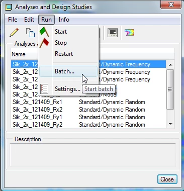 Use the Run>Batch command under the Analysis and Design Study window.
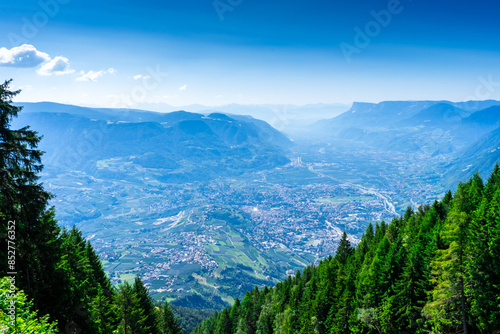 © Sharidan, Fototapeta premium Hiking Hochmuth Southtyrol near Dorf Tirol. With sights over Meran.
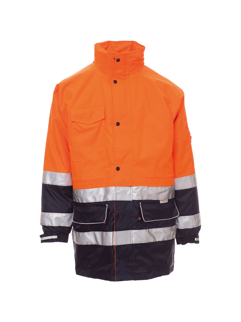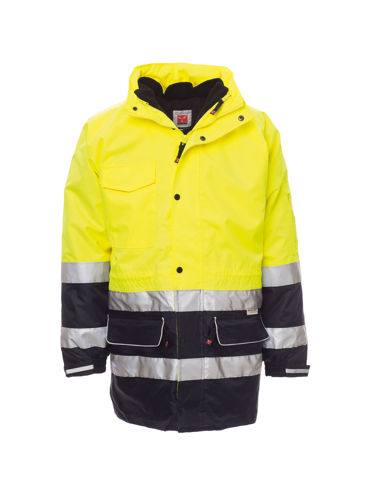 AccediParka, con spalmatura in PU, quattro usi in alta visibilità con bande 3M, composto da: giacca esterna non imbottita, zip in plastica con cursore in metallo coperta da patta e bottoni, cappuccio sagomato e coulisse richiudibile nel colletto, polsini regolabili elasticizzati, due ampie tasche frontali con cerniera e patta, portacellulare, cuciture termonastrate. Giubbotto interno imbottito con maniche staccabili, zip in plastica con cursore in metallo, polsino elasticizzato, due tasche frontali con zip, porta badge, colletto in micropile, zip interna.
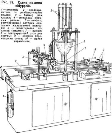 При глубокой печати рисунок углублен ниже поверхности формы. Переносить рисунок с металлической гравюры непосредственно на керамические изделия невозможно. В таких случаях, а также для многоцветной печати широко применяют прием перевода рисунка при помощи посредников — резины, желатина (в виде мембран), грушевидных устройств, папиросной бумаги. Декорирование изделий способом глубокой печати с использованием папиросной бумаги применяют при нанесении однотонного рисунка любой сложности как на утельное, так и на глазурованное изделие. Процесс декорирования происходит в два этапа: получение оттисков рисунка на бумаге и перенесение рисунка с бумаги на поверхность изделия. На протертую пластину (вал) с заглубленной формой рисунка, заполненной краской, накладывают влажный лист папиросной бумаги, покрывают его бумагой и войлоком и пропускают через прижимные вальцы. В результате изображение переходит на лист бумаги, который затем разрезают на отдельные лепки. Влажный оттиск накладывают на очищенную поверхность изделия, слегка прижимают влажной губкой и прокатывают войлочным валиком. После нанесения рисунка изделие подсушивают и направляют на обжиг или дополнительную раскраску вручную отпечатанного контура рисунка, на отводку и т. д. При подглазурном декорировании всеми видами полиграфической печати в качестве связущего в красках используют патоку, глицерин, сахар, а не связки на маслах (олифе, минеральном масле и др.), чтобы избежать дополнительного обжига до температуры 600—800° С. Без этого обжига к участкам, покрытым краской с масляной связкой, глазурь не пристает. Производительность труда при выполнении операций на конвейере на 30—40% выше по сравнению с декорированием изделий вручную. При механизации указанного процесса рисунок переводится не на бумагу, а на эластичные штампы из мягкой резины, желатина и т. д. Высокое качество декорирования, клеймление дна плоских изделий, а также нанесение виньеток и рисунков способом глубокой печати, обеспечивается на машине «Муррей» английской фирмы «Сервис Инжинирс» (рис. 99). Использование желатиновой подушки позволяет получить четкий рисунок, несмотря на возможные неровности и деформацию изделий. Каретка, совершая возвратно-поступательное движение, подводит клише (гравированную доску) под бункер для нанесения на него краски. При обратном движении излишек краски снимается ракелем (ножом), оставляя ее только в углублениях рисунка. Штамп —желатиновая подушка — опускается на клише, и на его поверхности отпечатывается рисунок. При обратном движении каретки под бункер с краской тарелки или блюдца, установленные на центрирующем столике, поступают под штамп, который, опускаясь, переносит рисунок на поверхность изделия. Производительность машины 480 изделий в час, расход сжатого воздуха — 1 м3/мин при давлении 0, 5— 0, 6 МПа. Желатиновую подушку по мере загрязнения протирают влажной тряпкой, а затем спиртом и припудривают тальком. Декорирование через сетку (шелкография) — один из наиболее прогрессивных и экономичных способов нанесения декора. С помощью шелкографии можно выполнять как однотонные, так и многоцветные рисунки любой сложности.

TASK: Reproduce the listing above exactly, but skip the pictures.

WRITTEN SOLUTION:
 Use the Run>Batch command under the Analysis and Design Study window.
 © Sharidan, Fototapeta premium Hiking Hochmuth Southtyrol near Dorf Tirol. With sights over Meran.
 AccediParka, con spalmatura in PU, quattro usi in alta visibilità con bande 3M, composto da: giacca esterna non imbottita, zip in plastica con cursore in metallo coperta da patta e bottoni, cappuccio sagomato e coulisse richiudibile nel colletto, polsini regolabili elasticizzati, due ampie tasche frontali con cerniera e patta, portacellulare, cuciture termonastrate. Giubbotto interno imbottito con maniche staccabili, zip in plastica con cursore in metallo, polsino elasticizzato, due tasche frontali con zip, porta badge, colletto in micropile, zip interna.
 При глубокой печати рисунок углублен ниже поверхности формы. Переносить рисунок с металлической гравюры непосредственно на керамические изделия невозможно. В таких случаях, а также для многоцветной печати широко применяют прием перевода рисунка при помощи посредников — резины, желатина (в виде мембран), грушевидных устройств, папиросной бумаги. Декорирование изделий способом глубокой печати с использованием папиросной бумаги применяют при нанесении однотонного рисунка любой сложности как на утельное, так и на глазурованное изделие. Процесс декорирования происходит в два этапа: получение оттисков рисунка на бумаге и перенесение рисунка с бумаги на поверхность изделия. На протертую пластину (вал) с заглубленной формой рисунка, заполненной краской, накладывают влажный лист папиросной бумаги, покрывают его бумагой и войлоком и пропускают через прижимные вальцы. В результате изображение переходит на лист бумаги, который затем разрезают на отдельные лепки. Влажный оттиск накладывают на очищенную поверхность изделия, слегка прижимают влажной губкой и прокатывают войлочным валиком. После нанесения рисунка изделие подсушивают и направляют на обжиг или дополнительную раскраску вручную отпечатанного контура рисунка, на отводку и т. д. При подглазурном декорировании всеми видами полиграфической печати в качестве связущего в красках используют патоку, глицерин, сахар, а не связки на маслах (олифе, минеральном масле и др.), чтобы избежать дополнительного обжига до температуры 600—800° С. Без этого обжига к участкам, покрытым краской с масляной связкой, глазурь не пристает. Производительность труда при выполнении операций на конвейере на 30—40% выше по сравнению с декорированием изделий вручную. При механизации указанного процесса рисунок переводится не на бумагу, а на эластичные штампы из мягкой резины, желатина и т. д. Высокое качество декорирования, клеймление дна плоских изделий, а также нанесение виньеток и рисунков способом глубокой печати, обеспечивается на машине «Муррей» английской фирмы «Сервис Инжинирс» (рис. 99). Использование желатиновой подушки позволяет получить четкий рисунок, несмотря на возможные неровности и деформацию изделий. Каретка, совершая возвратно-поступательное движение, подводит клише (гравированную доску) под бункер для нанесения на него краски. При обратном движении излишек краски снимается ракелем (ножом), оставляя ее только в углублениях рисунка. Штамп —желатиновая подушка — опускается на клише, и на его поверхности отпечатывается рисунок. При обратном движении каретки под бункер с краской тарелки или блюдца, установленные на центрирующем столике, поступают под штамп, который, опускаясь, переносит рисунок на поверхность изделия. Производительность машины 480 изделий в час, расход сжатого воздуха — 1 м3/мин при давлении 0, 5— 0, 6 МПа. Желатиновую подушку по мере загрязнения протирают влажной тряпкой, а затем спиртом и припудривают тальком. Декорирование через сетку (шелкография) — один из наиболее прогрессивных и экономичных способов нанесения декора. С помощью шелкографии можно выполнять как однотонные, так и многоцветные рисунки любой сложности.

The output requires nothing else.